■ WHAT TO DO:
Every single entry that follows must be copied exactly.

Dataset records
BEGIN

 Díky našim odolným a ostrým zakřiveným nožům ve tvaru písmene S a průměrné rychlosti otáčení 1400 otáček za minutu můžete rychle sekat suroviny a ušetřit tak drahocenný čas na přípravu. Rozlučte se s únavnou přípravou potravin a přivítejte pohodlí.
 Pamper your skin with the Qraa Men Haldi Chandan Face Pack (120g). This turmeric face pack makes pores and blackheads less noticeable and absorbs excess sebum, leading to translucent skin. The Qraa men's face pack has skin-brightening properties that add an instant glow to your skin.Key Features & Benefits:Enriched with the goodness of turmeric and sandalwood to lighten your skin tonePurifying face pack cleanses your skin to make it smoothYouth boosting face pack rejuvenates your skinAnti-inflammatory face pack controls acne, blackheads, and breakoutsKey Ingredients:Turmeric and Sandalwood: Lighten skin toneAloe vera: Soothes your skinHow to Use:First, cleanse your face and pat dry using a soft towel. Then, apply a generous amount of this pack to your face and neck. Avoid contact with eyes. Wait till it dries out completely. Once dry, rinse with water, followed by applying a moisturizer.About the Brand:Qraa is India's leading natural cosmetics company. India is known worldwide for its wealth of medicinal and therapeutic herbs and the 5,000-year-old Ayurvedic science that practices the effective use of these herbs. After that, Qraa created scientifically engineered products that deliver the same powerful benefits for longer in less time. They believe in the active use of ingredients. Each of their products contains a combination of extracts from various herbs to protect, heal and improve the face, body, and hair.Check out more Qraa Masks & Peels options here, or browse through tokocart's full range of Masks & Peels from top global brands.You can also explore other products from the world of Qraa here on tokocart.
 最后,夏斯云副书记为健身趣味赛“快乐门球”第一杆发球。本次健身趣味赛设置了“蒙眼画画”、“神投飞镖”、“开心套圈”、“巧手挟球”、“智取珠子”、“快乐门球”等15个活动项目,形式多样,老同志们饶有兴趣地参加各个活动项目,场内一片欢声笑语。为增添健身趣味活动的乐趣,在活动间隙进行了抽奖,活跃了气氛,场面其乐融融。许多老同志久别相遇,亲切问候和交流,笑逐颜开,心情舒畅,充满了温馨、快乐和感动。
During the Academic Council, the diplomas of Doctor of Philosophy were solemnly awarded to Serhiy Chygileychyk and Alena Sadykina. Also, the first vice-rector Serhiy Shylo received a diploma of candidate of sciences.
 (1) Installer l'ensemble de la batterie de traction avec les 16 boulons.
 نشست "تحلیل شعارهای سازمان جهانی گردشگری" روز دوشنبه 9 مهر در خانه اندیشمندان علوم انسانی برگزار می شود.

END

■ FINISHED TASK:
 Díky našim odolným a ostrým zakřiveným nožům ve tvaru písmene S a průměrné rychlosti otáčení 1400 otáček za minutu můžete rychle sekat suroviny a ušetřit tak drahocenný čas na přípravu. Rozlučte se s únavnou přípravou potravin a přivítejte pohodlí.
 Pamper your skin with the Qraa Men Haldi Chandan Face Pack (120g). This turmeric face pack makes pores and blackheads less noticeable and absorbs excess sebum, leading to translucent skin. The Qraa men's face pack has skin-brightening properties that add an instant glow to your skin.Key Features & Benefits:Enriched with the goodness of turmeric and sandalwood to lighten your skin tonePurifying face pack cleanses your skin to make it smoothYouth boosting face pack rejuvenates your skinAnti-inflammatory face pack controls acne, blackheads, and breakoutsKey Ingredients:Turmeric and Sandalwood: Lighten skin toneAloe vera: Soothes your skinHow to Use:First, cleanse your face and pat dry using a soft towel. Then, apply a generous amount of this pack to your face and neck. Avoid contact with eyes. Wait till it dries out completely. Once dry, rinse with water, followed by applying a moisturizer.About the Brand:Qraa is India's leading natural cosmetics company. India is known worldwide for its wealth of medicinal and therapeutic herbs and the 5,000-year-old Ayurvedic science that practices the effective use of these herbs. After that, Qraa created scientifically engineered products that deliver the same powerful benefits for longer in less time. They believe in the active use of ingredients. Each of their products contains a combination of extracts from various herbs to protect, heal and improve the face, body, and hair.Check out more Qraa Masks & Peels options here, or browse through tokocart's full range of Masks & Peels from top global brands.You can also explore other products from the world of Qraa here on tokocart.
 最后,夏斯云副书记为健身趣味赛“快乐门球”第一杆发球。本次健身趣味赛设置了“蒙眼画画”、“神投飞镖”、“开心套圈”、“巧手挟球”、“智取珠子”、“快乐门球”等15个活动项目,形式多样,老同志们饶有兴趣地参加各个活动项目,场内一片欢声笑语。为增添健身趣味活动的乐趣,在活动间隙进行了抽奖,活跃了气氛,场面其乐融融。许多老同志久别相遇,亲切问候和交流,笑逐颜开,心情舒畅,充满了温馨、快乐和感动。
During the Academic Council, the diplomas of Doctor of Philosophy were solemnly awarded to Serhiy Chygileychyk and Alena Sadykina. Also, the first vice-rector Serhiy Shylo received a diploma of candidate of sciences.
 (1) Installer l'ensemble de la batterie de traction avec les 16 boulons.
 نشست "تحلیل شعارهای سازمان جهانی گردشگری" روز دوشنبه 9 مهر در خانه اندیشمندان علوم انسانی برگزار می شود.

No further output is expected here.